What is needed: Pictures appear among the records below and must be omitted. Repeat exactly the lines from the line with "- Features distressed" to the line with "メンズ・カテゴリ: レザー ジャケット", both included.

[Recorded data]
--
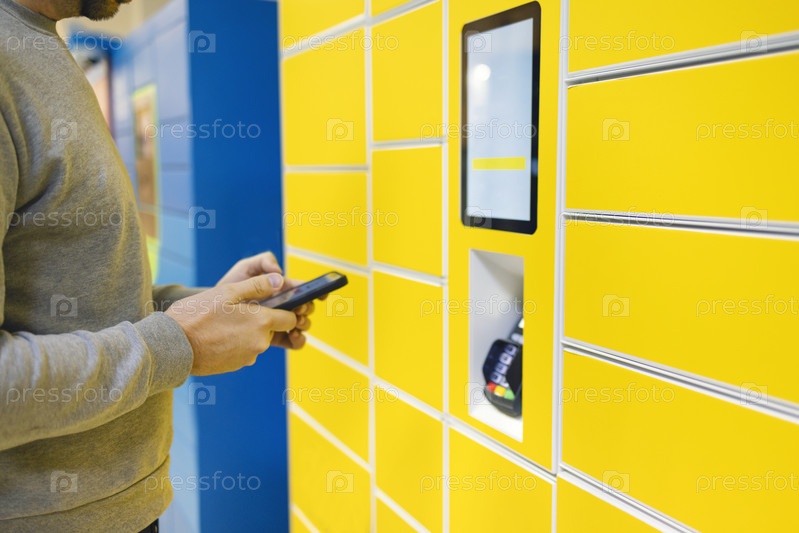 Крупным планом мужчина забирает почту из автоматического почтового терминала самообслуживания
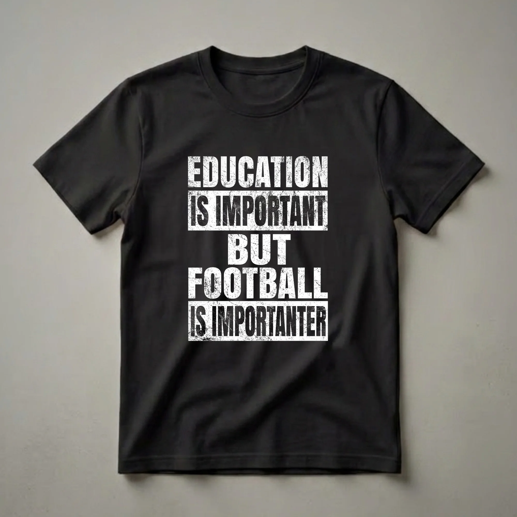- Features distressed white text: 'EDUCATION IS IMPORTANT BUT FOOTBALL IS IMPORTANTER'.
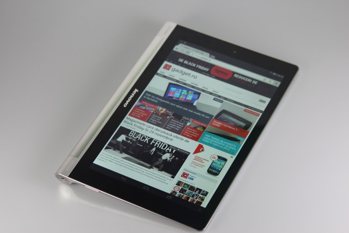 IPS de 10.1 inch de rezoluție 1280×800 pixeli și un prim punct la care Lenovo a ales să meargă pe o soluție de buget. Prima generație a tabletelor de top cu Android miza pe 1280×800 pixeli. Acum deja s-a trecut spre 1920×1200 pixeli sau 2560×1600 pixeli etc. Totuși, Lenovo Yoga Tablet 10 nu merge în categoria tabletelor de top cu preț de peste 2000 de lei. Se cantonează sub 1500 de lei. Am putea spune că este o tabletă mid-range și de aici unele compromisuri inerente.
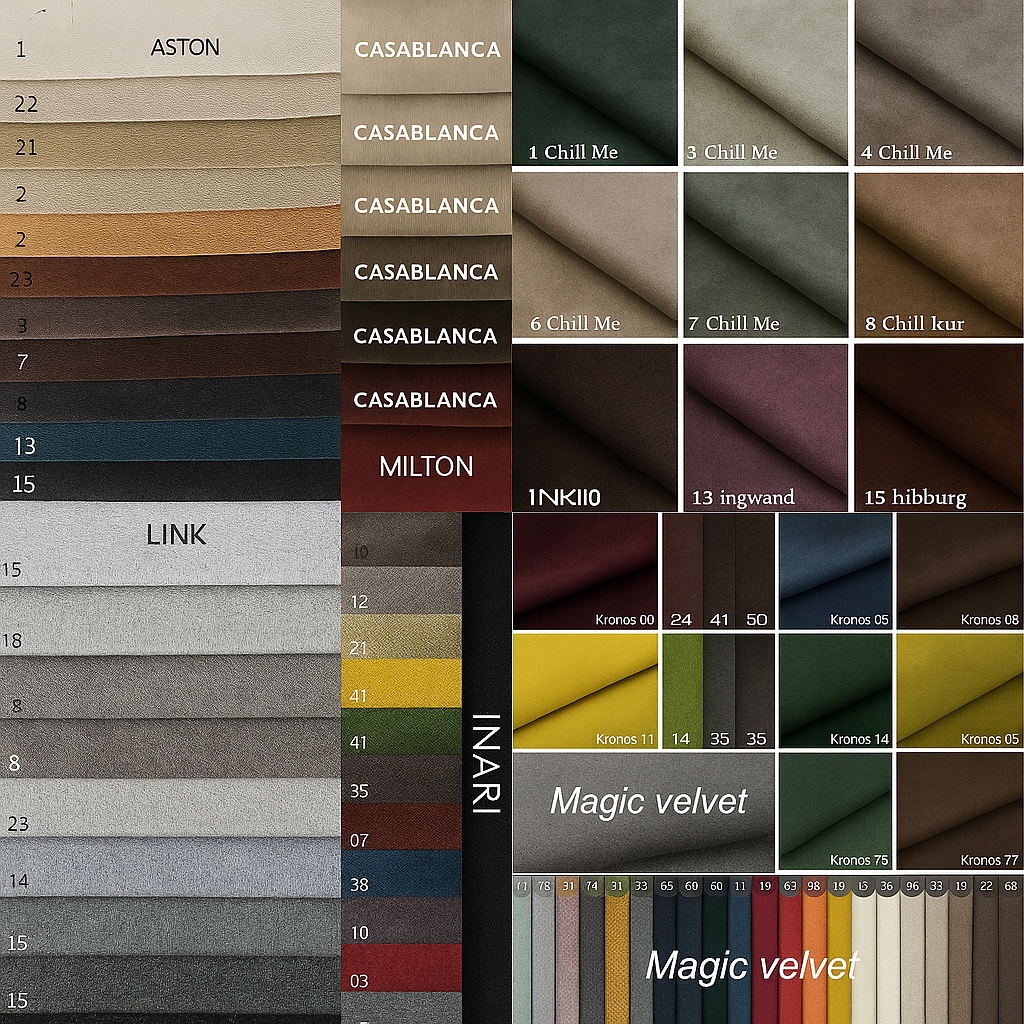 - Комплект может быть изготовлен в лицевой коже и возможен вариант комбинирования тканей.
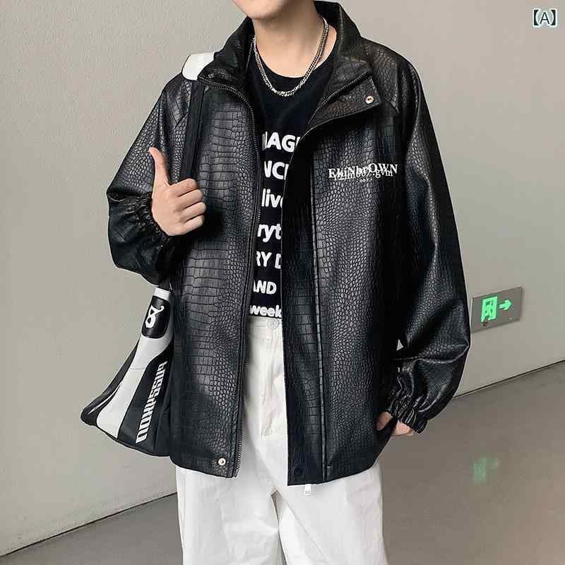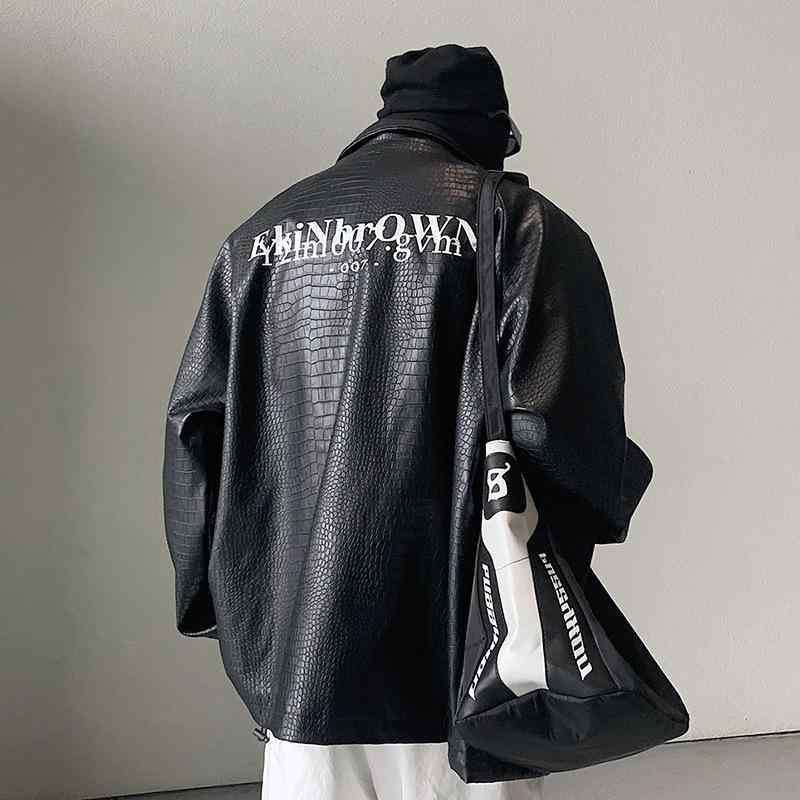 ・スタイル: ストリート系・対象: 若者・着丈: ミドル丈・フィット: ゆったり・襟の形: 襟付き・前開き: ジッパー・フード: なし・素材: PUレザー、ポリエステル・シーン: カジュアル・シーズン: 冬・加工: ノンアイロン・ディテール: バッジ・ポケット: 脇ポケット・裾: ストレート・カラー: ブラック、ホワイト・サイズ: M、L、XL、XXL、XXXL・対象: メンズ・カテゴリ: レザー ジャケット
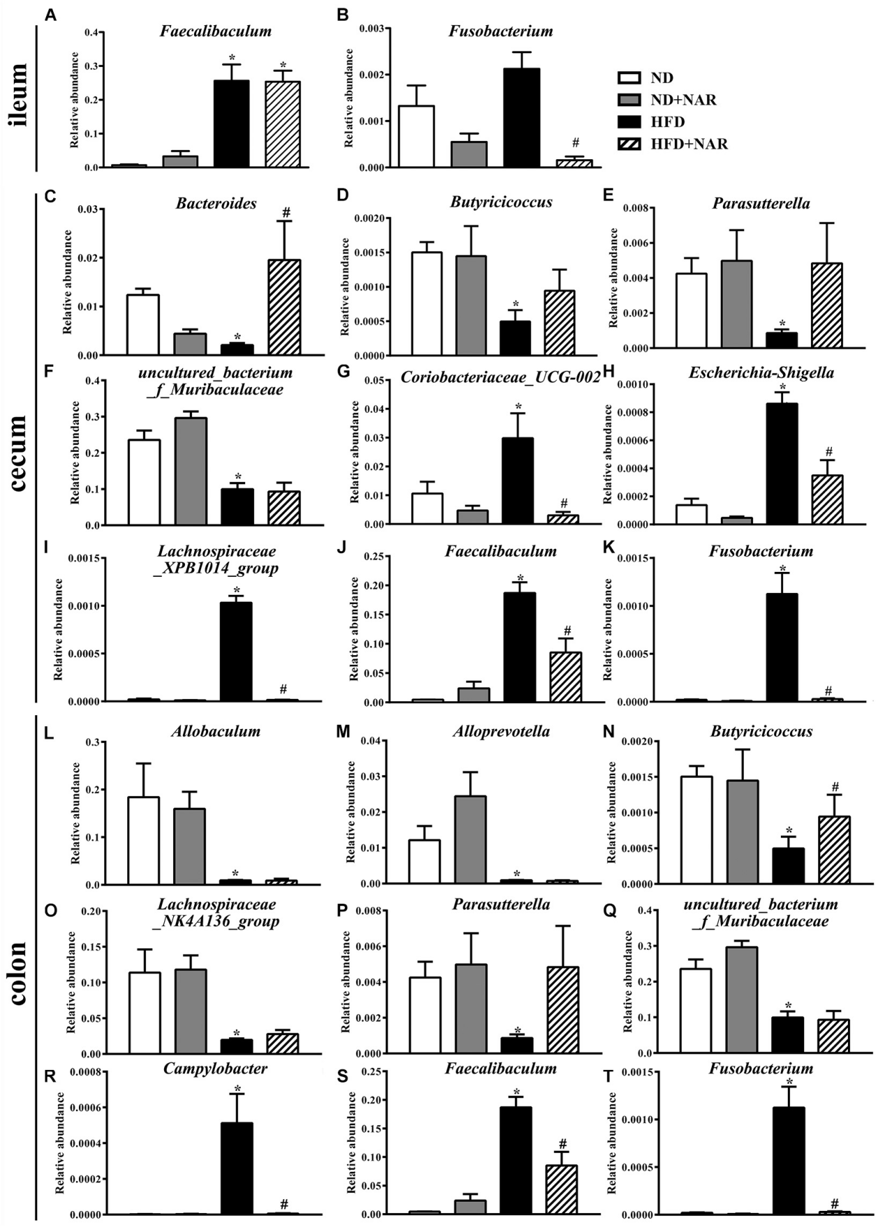 優(yōu)勢菌屬和差異菌屬熱圖顯示,補充NAR改變了HFD誘導的腸道細菌變化(圖6D-F)。與ND組相比,HFD組盲腸中Coriobacteriaceae_UCG-002、Escherichia-Shigella、Faecalibaculum、Fusobacterium、Lachnospiraceae_XPB1014_group、Parvibacter、Ruminococcaceae_UCG-005和Turicibacter相對豐度較高,Campylobacter、Dubosiella、Faecalibaculum和Fusobacterium在結腸中相對豐度較高,Bacteroides在盲腸中相對豐度較低,Butyricicoccus在結腸中相對豐度較低。NAR處理逆轉了這些效果。與ND組相比HFD飼喂小鼠腸道菌群顯示Butyricicoccus、Parasutterella和uncultured_bacterium_f_Muribaculaceae在盲腸中相對豐度較低,Allobaculum、Alloprevotella、Lachnospiraceae_NK4A136_group、Parasutterella和uncultured_bacterium_f_Muribaculaceae在結腸中相對豐度較低,Faecalibaculum在回腸中相對豐度較高。HFD+NAR組Bradyrhizobium、[Eubacterium]_nodatum_group、GCA-900066575、Jatrophihabitans、Massilia、Peptococcus、Sphingomonas、uncultured_bacterium_o_Acidobacteriales、uncultured_bacterium_f_Micropepsaceae和uncultured_bacterium_f_Xanthobacteraceae在盲腸中相對豐度較高,Bacteroides、Bradyrhizobium、Candidatus_Solibacter和 uncultured_bacterium_f_Xanthobacteraceae在結腸中相對豐度較高,Fusobacterium在回腸中相對豐度較低。圖7為相對豐度改變的細菌統計結果,這些結果表明NAR調節(jié)了HFD小鼠腸道細菌。
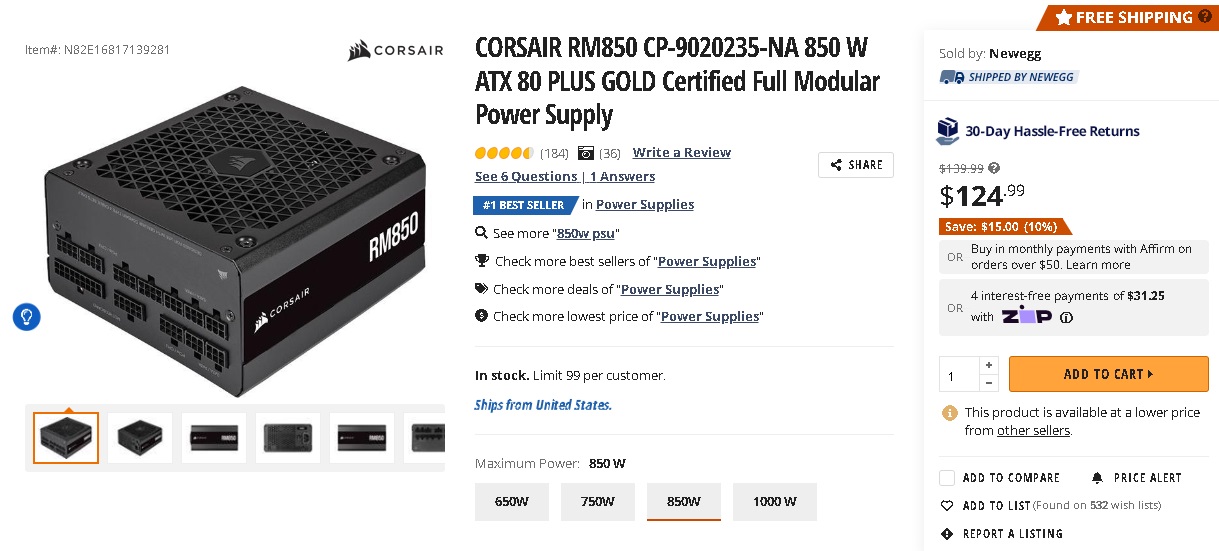 Запитать всё это добро я бы доверил CORSAIR RM850
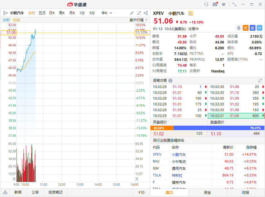 华盛资讯1月12日讯,汽车股盘中集体走高。小鹏汽车涨超15%,小牛电动涨9%,通用汽车涨7.4%,Nikola涨6%,特斯拉涨超5%,理想汽车涨4.4%,蔚来汽车由跌转涨,现涨超1%。
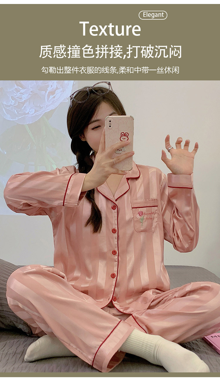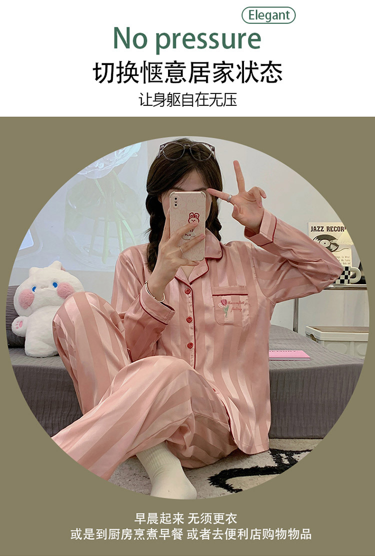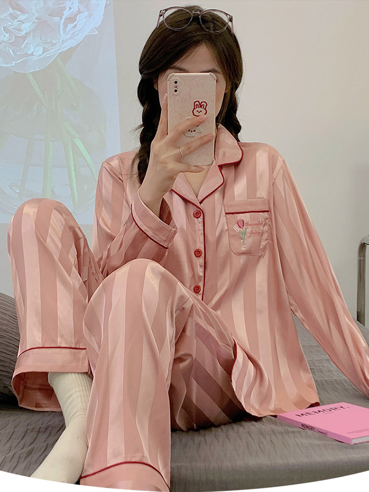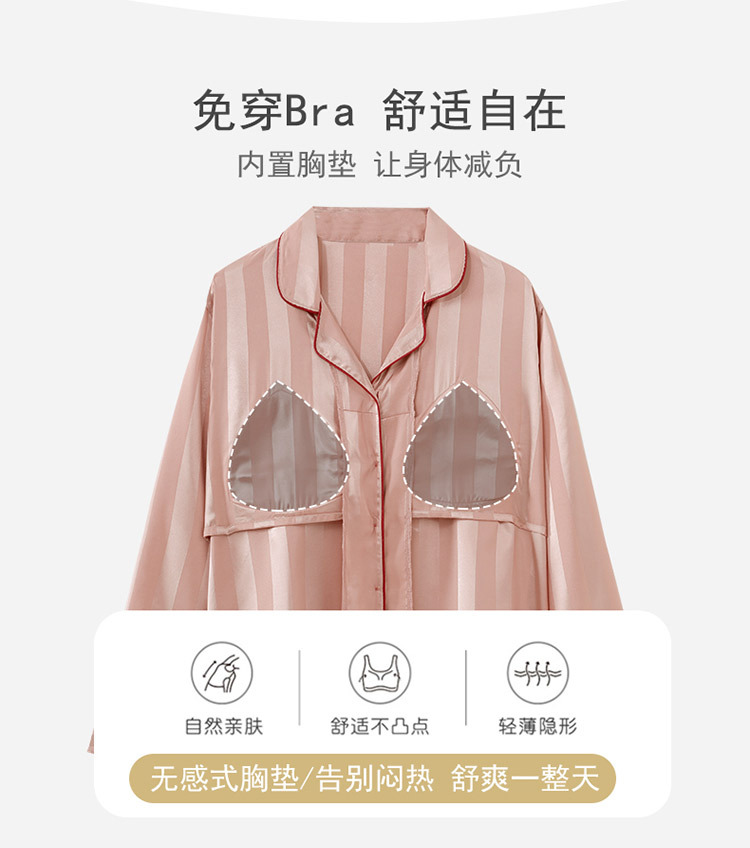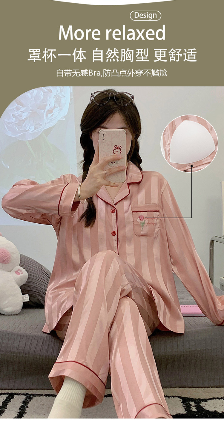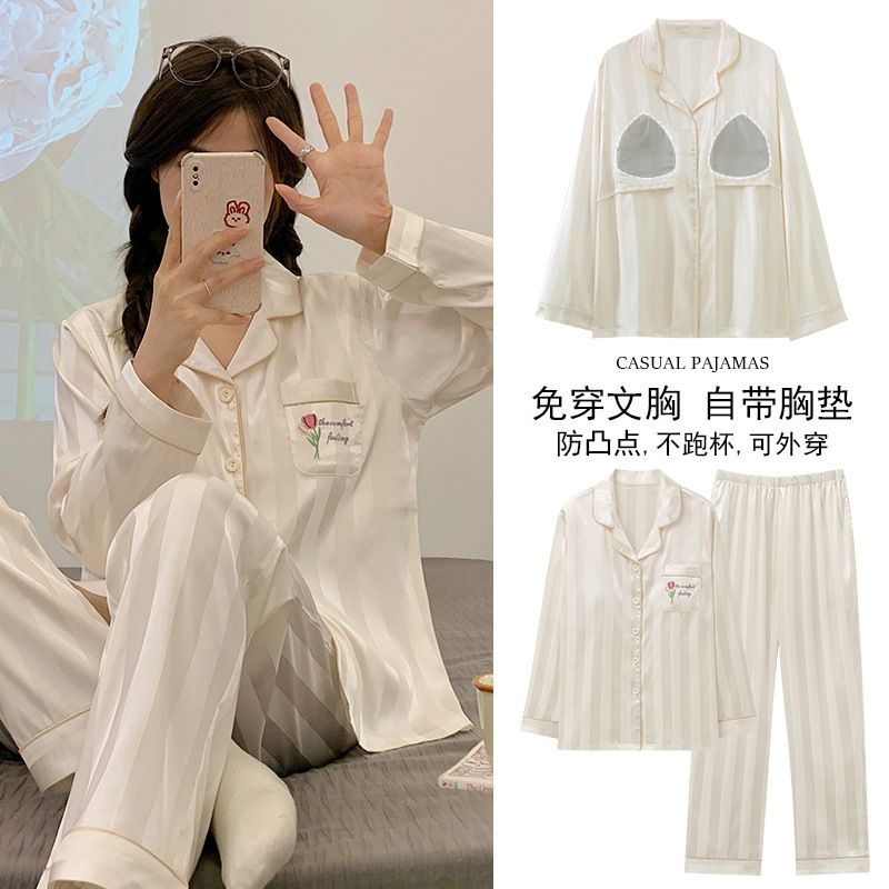 아이스 실크 잠옷 여성의 봄과 가을 긴 소매 2025 가슴 패드와 새로운 하이 엔드 센스 시뮬레이션 실크 여름 홈 옷
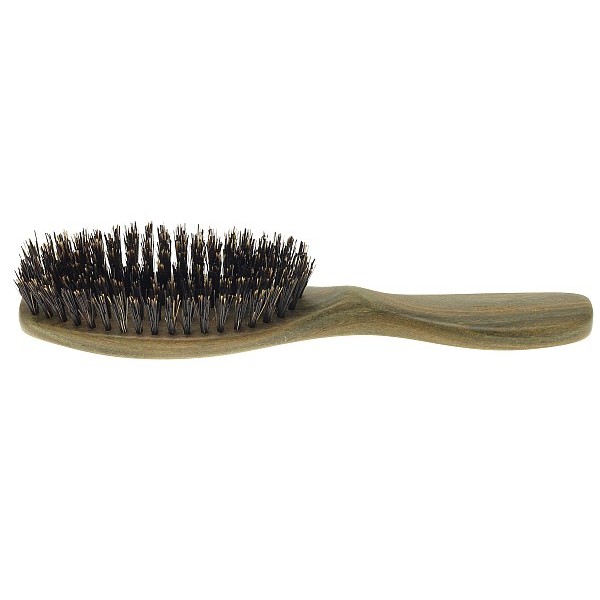 Hairbrush made of green-brown Vera wood with pig bristle sticked in, length: 21 cm (wood brighter than on picture)
--
Solved exercise:
- Features distressed white text: 'EDUCATION IS IMPORTANT BUT FOOTBALL IS IMPORTANTER'.
 IPS de 10.1 inch de rezoluție 1280×800 pixeli și un prim punct la care Lenovo a ales să meargă pe o soluție de buget. Prima generație a tabletelor de top cu Android miza pe 1280×800 pixeli. Acum deja s-a trecut spre 1920×1200 pixeli sau 2560×1600 pixeli etc. Totuși, Lenovo Yoga Tablet 10 nu merge în categoria tabletelor de top cu preț de peste 2000 de lei. Se cantonează sub 1500 de lei. Am putea spune că este o tabletă mid-range și de aici unele compromisuri inerente.
 - Комплект может быть изготовлен в лицевой коже и возможен вариант комбинирования тканей.
 ・スタイル: ストリート系・対象: 若者・着丈: ミドル丈・フィット: ゆったり・襟の形: 襟付き・前開き: ジッパー・フード: なし・素材: PUレザー、ポリエステル・シーン: カジュアル・シーズン: 冬・加工: ノンアイロン・ディテール: バッジ・ポケット: 脇ポケット・裾: ストレート・カラー: ブラック、ホワイト・サイズ: M、L、XL、XXL、XXXL・対象: メンズ・カテゴリ: レザー ジャケット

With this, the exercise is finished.